Even if your resolutions didn’t start immediately as the clock struck midnight on January 1st, look at every day as a new chance to motivate yourself to reach your goals, whatever they may be. As Australians, there is virtually nowhere on our sun-kissed shores that you can avoid the heat during summer and for many, it can make you feel sluggish and demotivated.
The old adage says “summer bodies are made in winter”, but this isn’t always the case. If you start now, you’ll get an extra half of the year to get yourself in a great place for next summer!Maybe you have been inactive for an extended period of time and are just getting back into properly looking after your body.
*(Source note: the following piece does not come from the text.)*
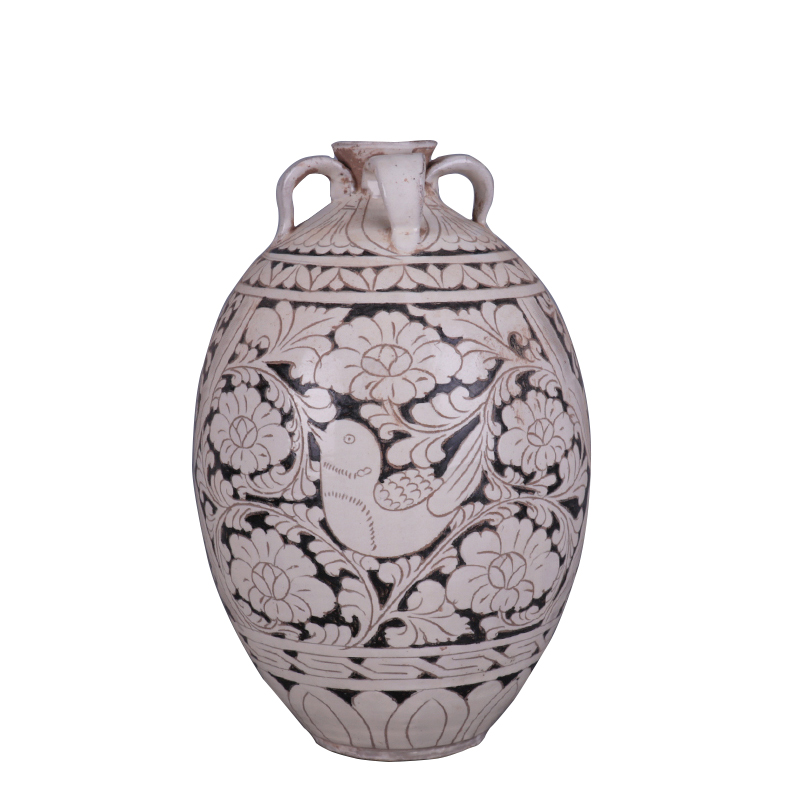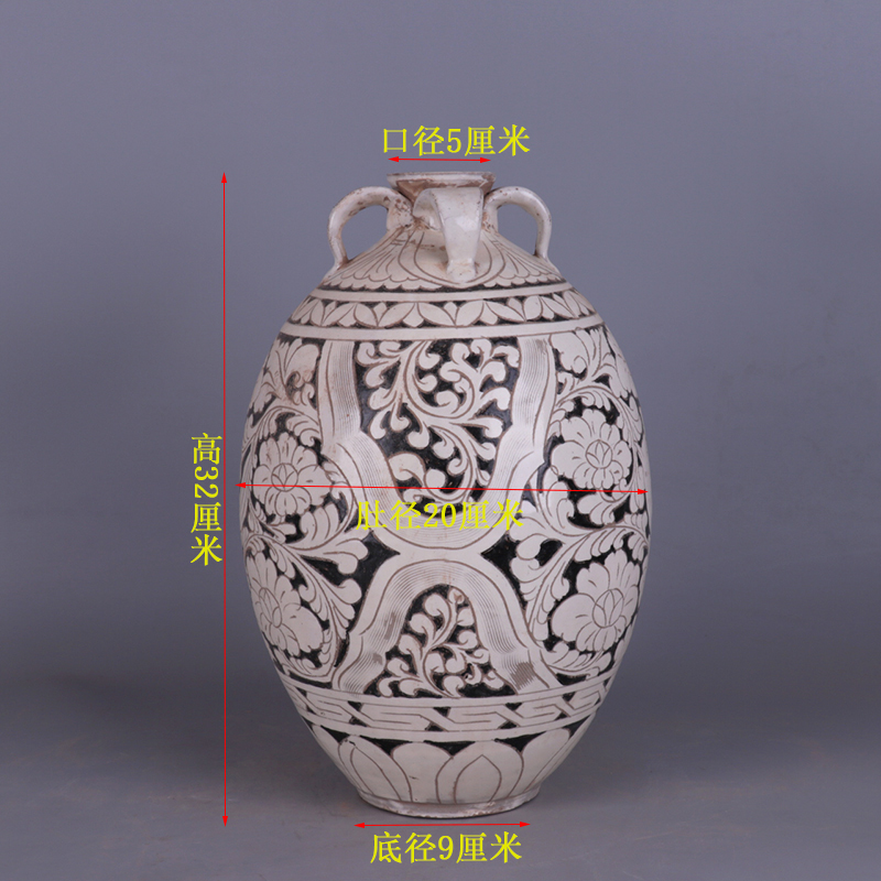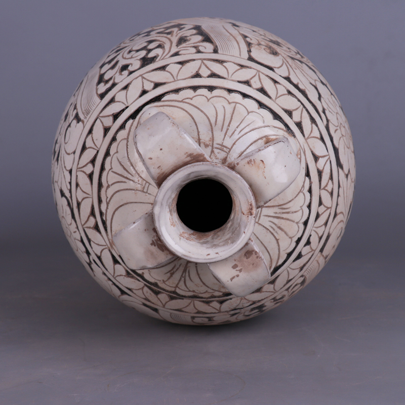 Song Dynasty Cizhou Kiln Black Bottom Engraved Flower and Bird Figure Four Series Bottles Antique Porcelain Jingdezhen Antiques, Antiques, Old Objects Ornament Collection

Not everyone is comfortable working out at a gym or in front of other people while some just prefer outdoor exercise – so start slow, building up your capacity to withstand more intense workouts.
Start small. Nobody is expecting you to be running a half-marathon in your first month back in the game. Rise early and get a minimum of 30 minutes of exercise first thing in the morning. Morning exercise stimulates the mind and puts you in good stead for the day. Go for a brisk walk, jog or run (if you’re feeling bold) and see how much more alert and buzzing you are by the time you start work. If you don’t have time first thing in the morning, try going in the evening, as the sun disappears. It’s often cooler at this time and it will leave you feeling less dehydrated and sluggish.
Yoga is a brilliant way to re-enter the world of fitness. It is one of the few physical activities that touch on physical health as well as spiritual and emotional enlightenment. Its effectiveness at combating depression and anxiety has been well-documented and proven. Its breathing techniques, once learnt, can be used outside of the yoga studio to combat panicked thoughts and to centre yourself. Mind and body are intrinsically linked and exercise has proven to be just as, if not, more effective than anti-depressants.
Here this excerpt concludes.